The relevant rules may change
The first plea of the applicants was that the Commission did not follow its own rules on the “refined economic analysis” and the “balancing test”. The General Court’s reply was that the Commission enjoys wide discretion in determining the compatibility of State aid. However, EU courts check, among other things, that the evidence on which the Commission relies is accurate and that the Commission takes into account all the relevant information. A person that appeals against a Commission decision must show that the Commission could not have reached its conclusions on the basis of the evidence available to it. [Paragraphs 50-52]
In other words, it is not sufficient to claim that the Commission could have decided differently. This possibility is not enough.
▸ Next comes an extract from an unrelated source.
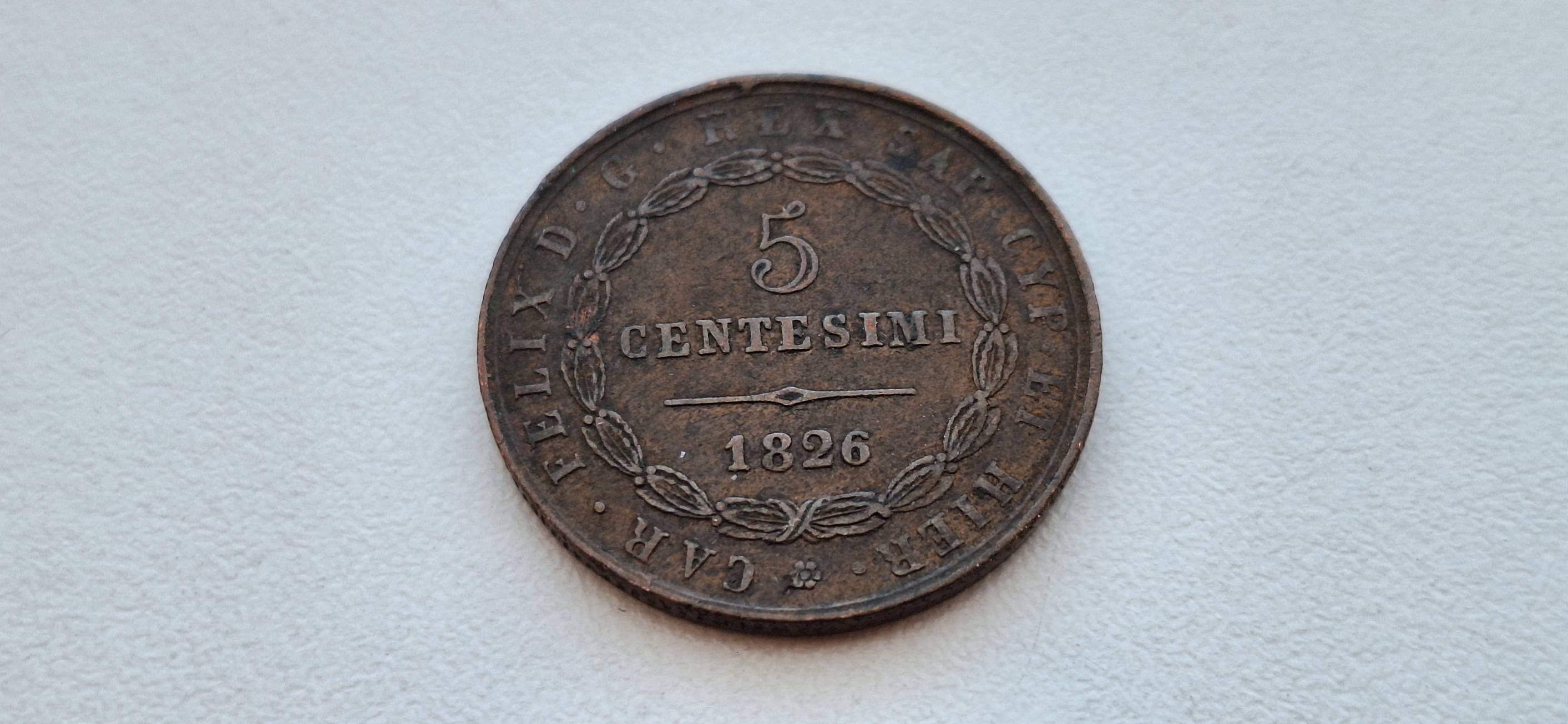Sardinija 5 čentezimai 1826

It must be shown that the Commission was wrong in reaching the decision in question.
Then the Court recalled that the Commission is bound by its own guidelines. However, the balancing test was presented in a staff working document that had not been formally adopted by the Commission and therefore was not binding on the Commission [paragraphs 53-57]. It was irrelevant that certain principles of the balancing test were incorporated in the GBER and the guidelines [paragraph 58]. The Commission is not bound by its past decisions, as each State aid measure has to be examined on its own merits [paragraph 59]. The Commission is not required by the case law to conduct economic analysis of State aid, nor is it prohibited from doing so [paragraph 60]. The required level of detail in the Commission’s review of the compatibility of State aid depends on the nature of the aid and whether it is an individual measure or a scheme. Schemes can be more generally assessed [paragraphs 62-65].
Since now all State aid rules are based on the same, uniform principle of compatibility which have been formally adopted in the regulations and guidelines there should be no uncertainty as to how the Commission will carry out its assessment of State aid.
However, when Member States request the Commission to assess a notified measure directly on the basis of the Treaty [because it deviates from the guidelines], then they cannot be absolutely certain that the Commission will rely on all or some of the common principles. It may deviate from established practice if it detects unusual features in the notified measure. This is the meaning of examining the measure on its “merits”.
Existence of market failure
The second plea concerned an alleged absence of market failure. The applicants claimed that the Commission did not prove that the market suffered from any failure that justified intervention by public authorities with State aid. The response of the General Court on this point is a bit surprising, given the Commission regularly states in its decisions that the existence of market failure is indispensable in justifying state intervention.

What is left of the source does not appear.